Vidarbha, Marathwada and Konkan, the other three regions, became sort of colonies of the sugar empire. The so called backlog of development was because of this imbalance. Till the end of the ’80s this internal colonial structure worked. Thereafter widespread discontent in the less developed parts of Maharashtra began to manifest itself in politics.
The first Machiavellian stroke Sharad Pawar delivered was to his own Congress(S) chief minister, Vasantdada Patil. Pawar formed a parallel front (an alliance known as the Progressive Democratic Front) with the then Janata Party. The new front destabilised the government, which was also a coalition of the Congress(S) and Congress(I).

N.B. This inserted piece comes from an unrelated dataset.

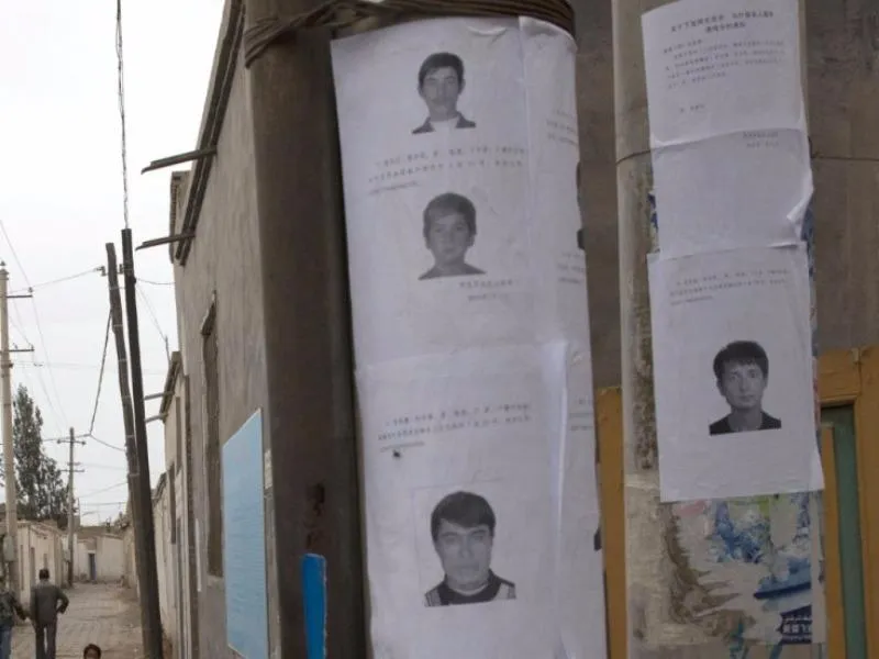 Các tờ giấy đăng lệnh truy nã những đối tượng liên quan trong các vụ tấn công khủng bố được dán ở Tân Cương hồi năm 2014. Ảnh: AP

Though the Congress was split after Indira Gandhi’s defeat, both Congresses retained the essential character of the original party. Pawar’s front, however, brought in most of the opposition of the right and the left (socialists and the Jan Sangh who had dissolved themselves in the JP-led Janata Party).
It is since then that the rural base of the Congress began fracturing. Pawar’s government was forced out in ’80, when Indira Gandhi came back to power and Yashwantrao Chavan, Pawar’s mentor, joined her. Pawar, however preferred to carry on with the party he had formed. It is only in ’86, two years after Rajiv Gandhi came to power, that he realised that there was no scope to come to power. So he joined the Congress under Rajiv. Within 18 months, he had manipulated the power structure to become chief minister again. However, he could not win Rajiv’s heart, and the loyalists, backed by Rajiv himself, tried to destabilise his chief ministership.
... contd.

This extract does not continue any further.